━━━━━ SOURCE INFORMATION ━━━━━
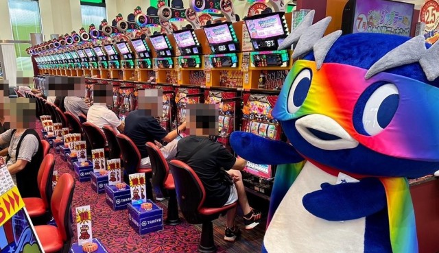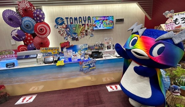 ホール内全体がお祭り仕様に彩られ、たまピーも入店するや否やテンションが上がっていたようだ。景品コーナーには魅力的な景品が数多くあるなか、地元の新鮮野菜も置いてあり地域との交流を大切にしていることが窺える。また、同店のレストスペースでは多くのお客様が利用しており、満足いく環境が整っていたぞ。
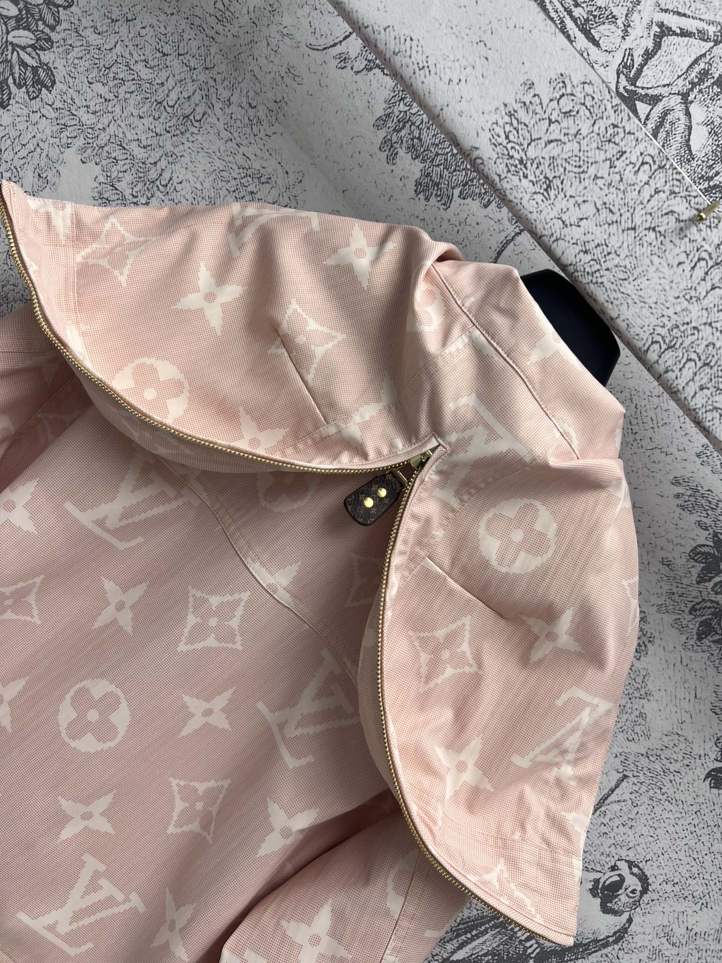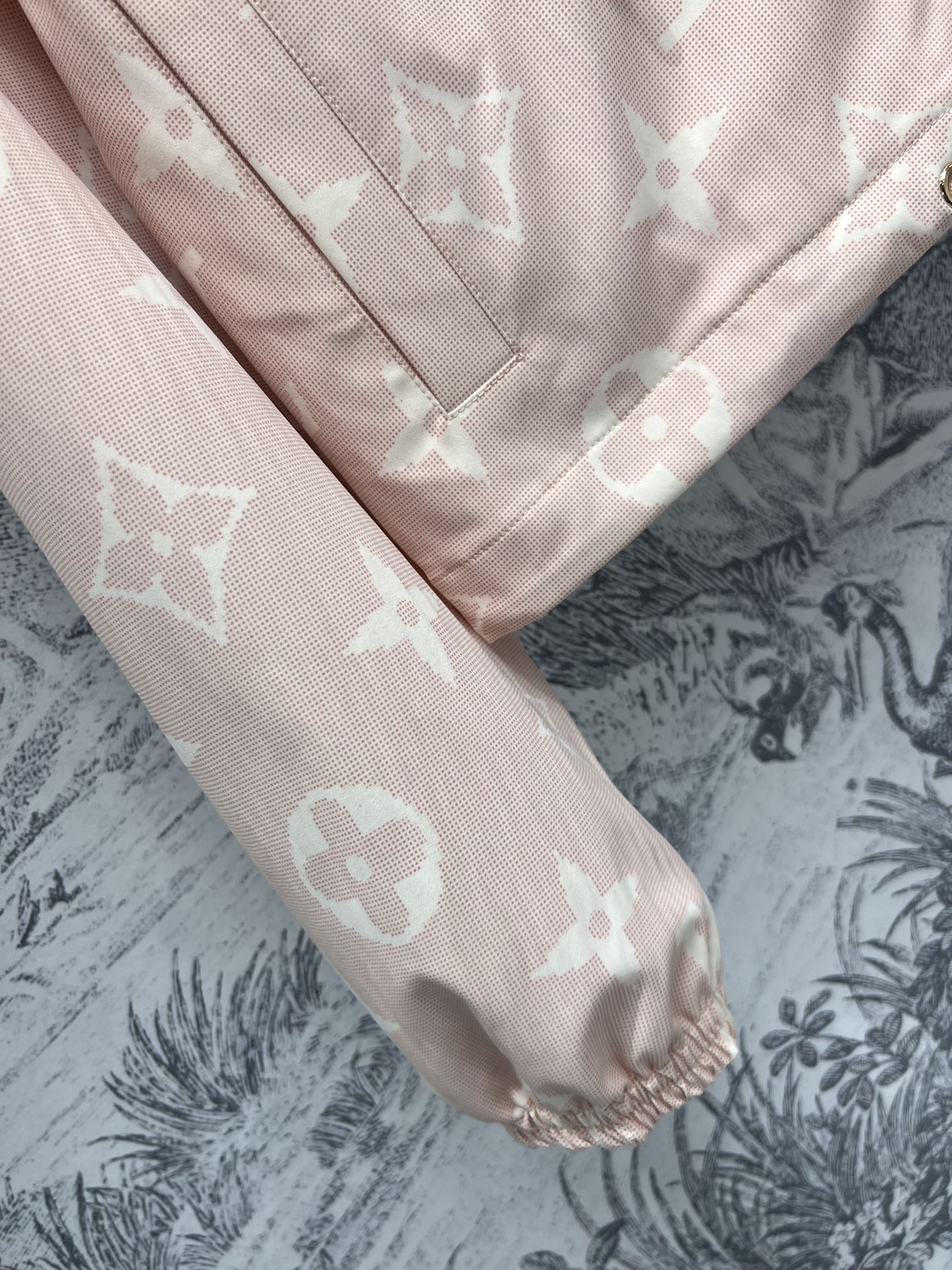 Sakura Pink Print Hooded Short Jacket – стильная и модная куртка с капюшоном, воротником-стойкой, который можно откинуть назад, чтобы выглядеть стройно и красиво. Розовый цвет цветущей сакуры очень светлый, а классический старомодный узор стильный и женственный. Индивидуальный цветной шнурок и кожаные вкладки, подкладка также цветная. 3 размера в одном цвете.
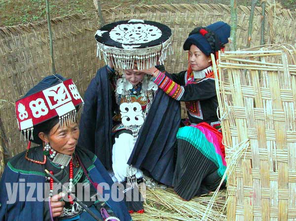 一阵骚乱之后,我们抢到了新娘,并将新娘背到屋外一间临时搭起的草棚里,为她梳洗打扮,更换新衣。从这时起,新娘就开始禁食了。“禁食”是彝族婚礼中的一种禁忌。为什么会有这种禁忌,彝族传说是这样的:
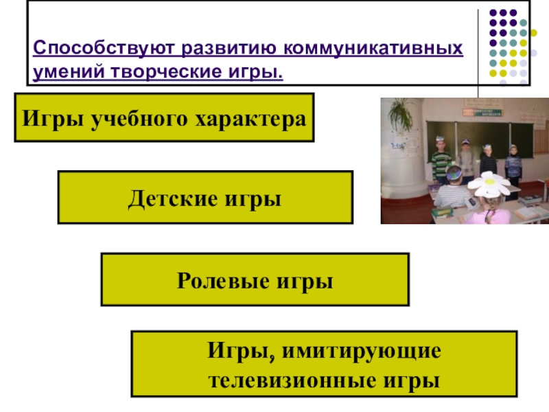 Слайд 18Способствуют развитию коммуникативных умений творческие игры.
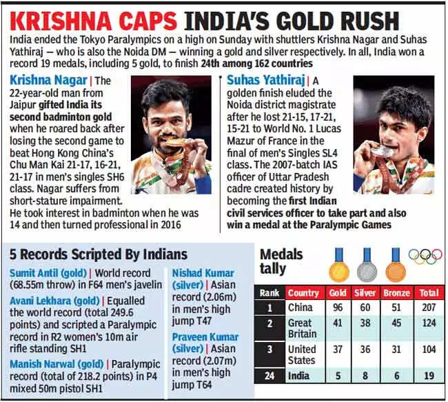 Promises made, promises kept. It's time to say sayonara. Tokyo has been richly rewarding for Indian athletes, and all good things must come to an end. Of course, there's that temptation to sign off with one final flourish. So, on an overcast, drizzly Sunday, para shuttlers Krishna Nagar and Noida's district magistrate Suhas Yathiraj did just that.
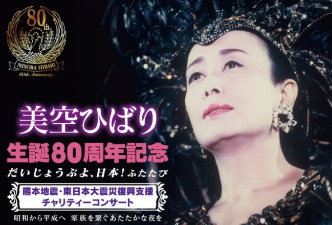 伝説の歌手・美空ひばり。彼女の生誕80周年を記念して、4月5日に東京ドームで、「美空ひばり 生誕80周年記念 だいじょうぶよ、日本!ふたたび 熊本地震・東日本大震災復興支援チャリティーコンサート」が開催されるが、この模様と美空ひばりの歌唱シーンが織り交ぜられた特別番組「美空ひばり生誕80周年 特別企画in東京ドーム 不死鳥コンサート2017」(TBS)が、4月10日19時から約4時間にわたって放送されることが決まっている。
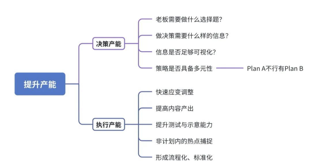 他们基于现状总结了需要提升的两大关键产能:决策产能和执行产能。用大白话来说就是,企业如何最快速度做决策,如何用最高效率把事情做完。
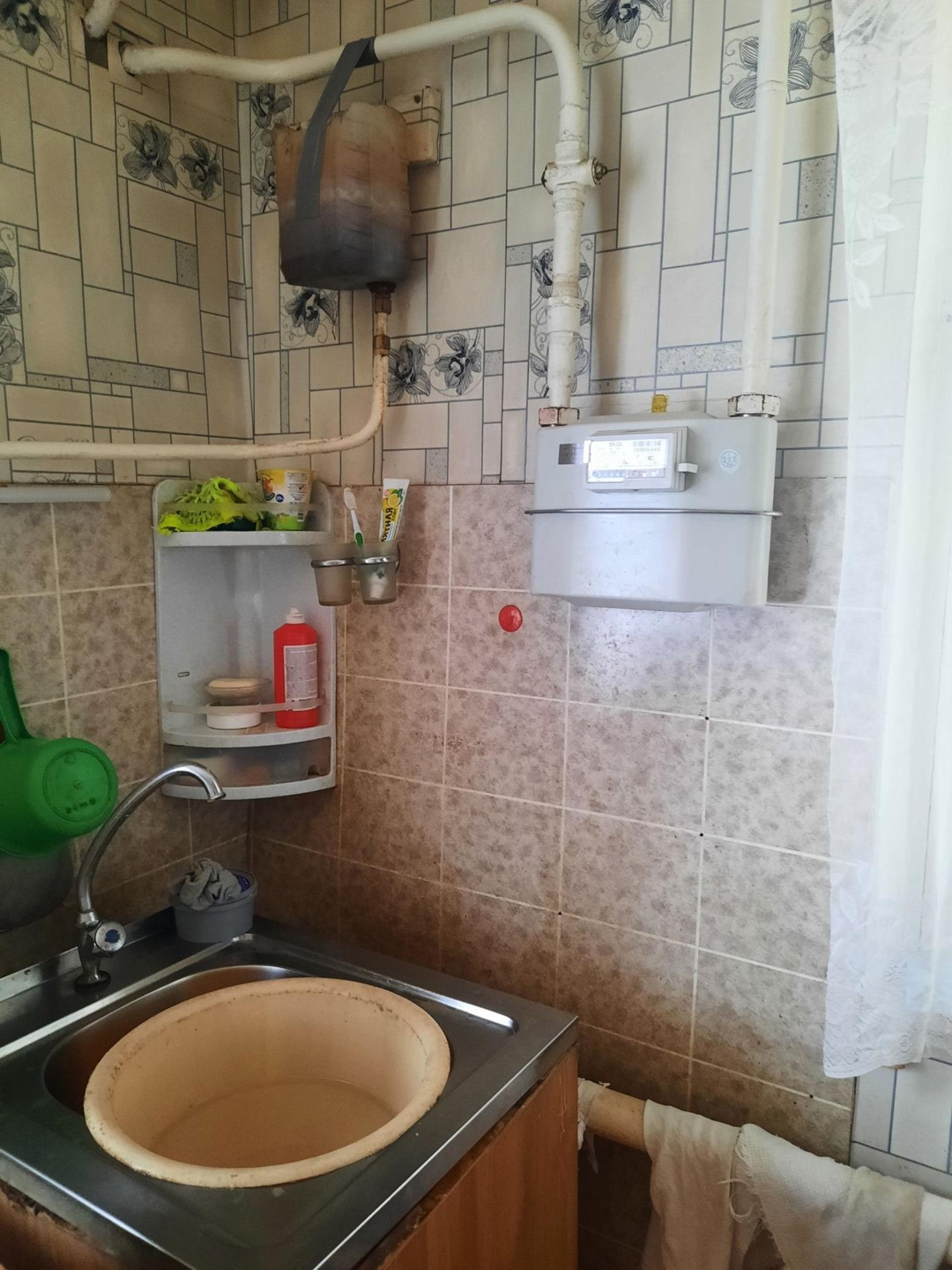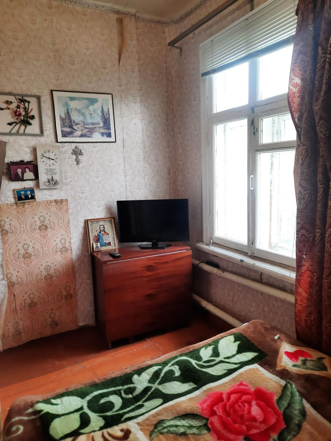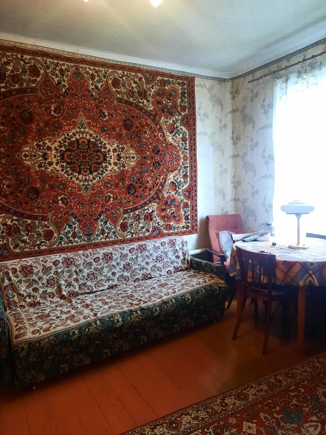 квартира в доме на 4 хозяина, комнаты смежные, есть приусадебный участок, санузел на улице , отопление газовое, вода в доме.
━━━━━
PROBLEM TO WORK ON — Copy out only the lines beginning at the line with "他们基于现状总结了需要提升的" and ending at the last line of the entries. Keep them exact; drop pictures.

EXERCISE SOLUTION —
 他们基于现状总结了需要提升的两大关键产能:决策产能和执行产能。用大白话来说就是,企业如何最快速度做决策,如何用最高效率把事情做完。
 квартира в доме на 4 хозяина, комнаты смежные, есть приусадебный участок, санузел на улице , отопление газовое, вода в доме.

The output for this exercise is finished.